The cohort concludes: “Without principled resistance, the current administration achieves its greatest victory of all: preemptive self-censorship and culture of compliance.” In essence, its own “preemptive self-censorship and culture of compliance” might very well and hopefully be eliminated.

Finally, as a common American citizen, once again I must ask why those at the helms of the National Coalition Against Censorship and PEN America did not/do not consider that my own free expression has been ostracized by their curators, librarians, poets, artists et al. I have even been punished by several no-trespassing decrees (see here and here). And why did they not respond to the criticisms I’ve sent them over the years? Do they really somehow believe that they are above criticism?

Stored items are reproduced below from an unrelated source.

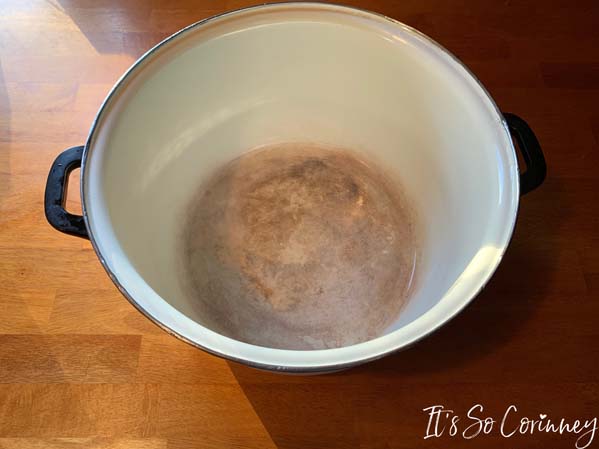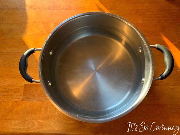 To melt the white morsels you will need a double boiler. Now, I don’t have a double boiler (even though I wish I did!) so don’t fret if you don’t either! Just take your stockpot and put some water on the bottom of it.
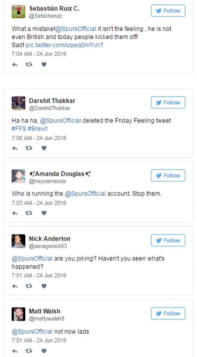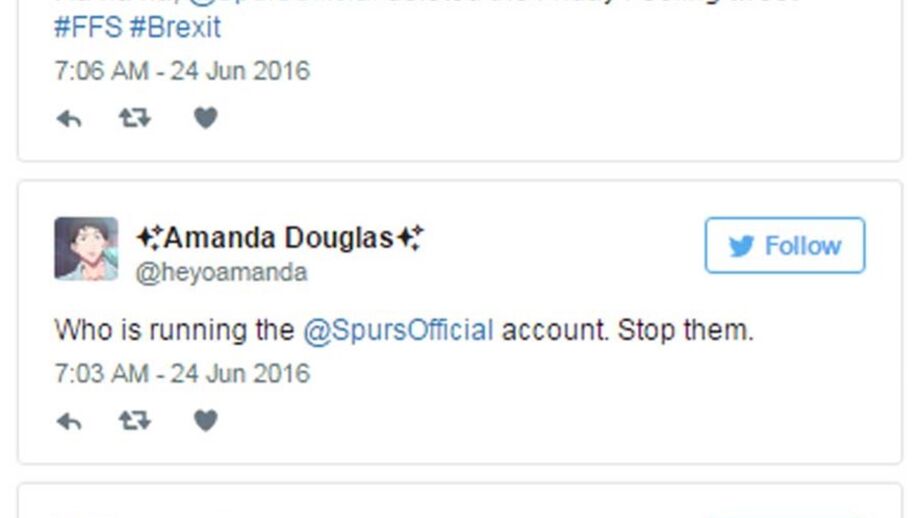 Ora, as críticas não tardaram a chegar, bem como o 'ataque' à página de Twitter dos spurs principalmente da falange dos 48,1% britânicos que votaram a favor da manutenção na UE.
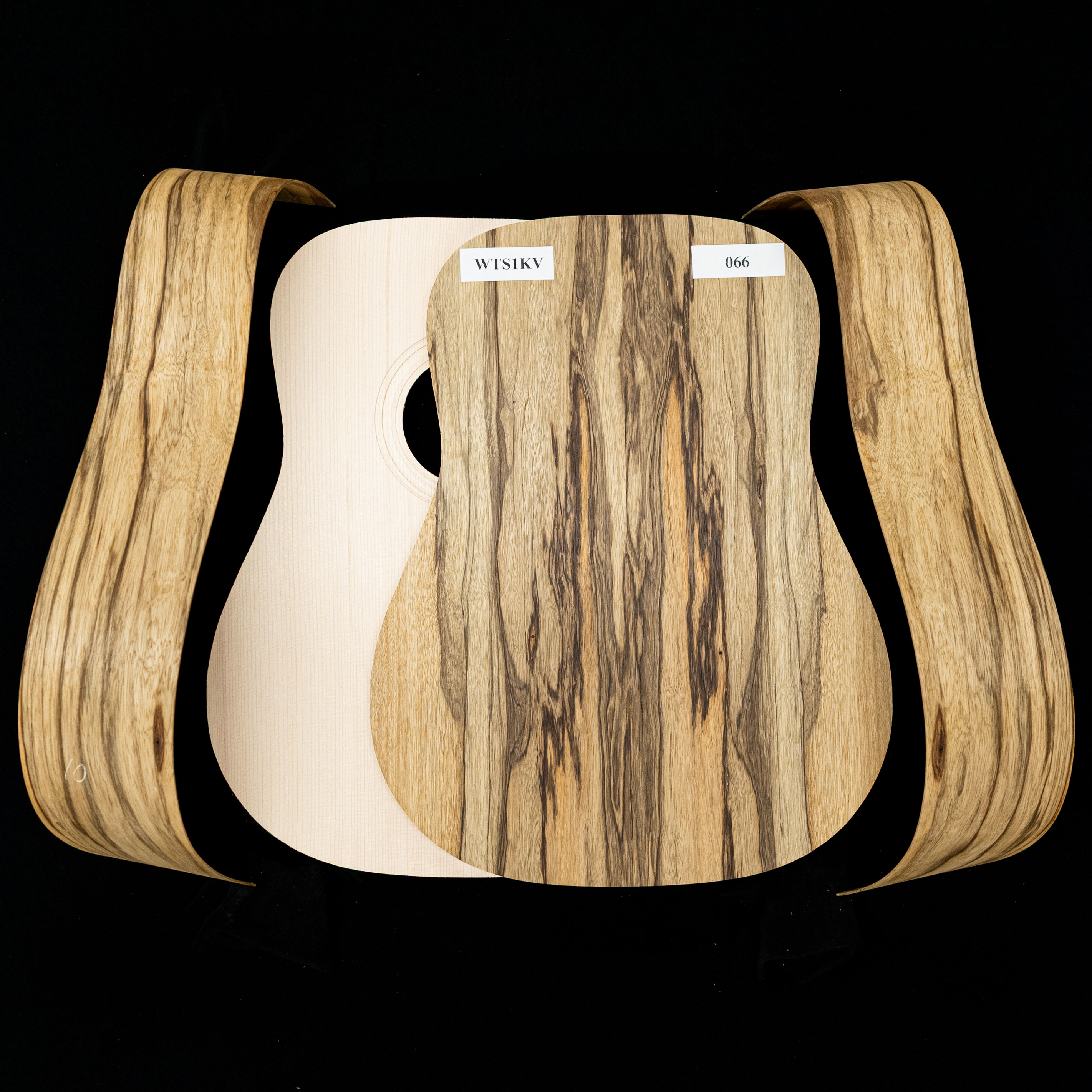 Nous avons photographié chaque ensemble individuellement. Ce que vous voyez sur la première image est le bois réel que vous recevrez. Zoomez et découvrez la silhouette unique de chaque ensemble, le grain et chaque détail du dos, des côtés et du haut de votre kit, et préparez-vous à créer la guitare de vos rêves.

___________________________
N.B.: For my past criticisms regarding the NCAC, PEN America, and the NEA please see the following essays and satirical cartoons:

https://theamericandissident.org/orgs/national_endowment_for_the_arts.html
https://www.globalfreepress.org/contributors/usa/g-tod-slone/3936-15-threats-to-free-speech-2015-an-egregious-and-purposeful-omission
https://www.globalfreepress.org/contributors/usa/g-tod-slone/3415-pen-an-ethical-consideration
https://www.globalfreepress.org/contributors/usa/g-tod-slone/3825-pen-an-ethical-consideration-part-ii
https://theamericandissident.org/orgs/national_coalition_against_censorship.html
https://www.globalfreepress.org/contributors/usa/g-tod-slone/3936-15-threats-to-free-speech-2015-an-egregious-and-purposeful-omission

 

Table of Contents

 

G. Tod Slone, PhD, lives on Cape Cod, where he was permanently banned in 2012 without warning or due process from Sturgis Library, one of the very oldest in the country. His civil rights were being denied because he was not permitted to attend any cultural or political events held at his neighborhood library. The only stated reason for the banning was “for the safety of the staff and public,” yet he has no criminal record and has never made a threat. His real crime was that he challenged, in writing, the library’s “collection development” mission that stated “libraries should provide materials and information presenting all points of view.” His point of view was somehow not part of “all points of view.” In November 2022, he requested the library rescind its banning decree, which it finally did.  He is a dissident poet/writer/cartoonist and editor of The American Dissident.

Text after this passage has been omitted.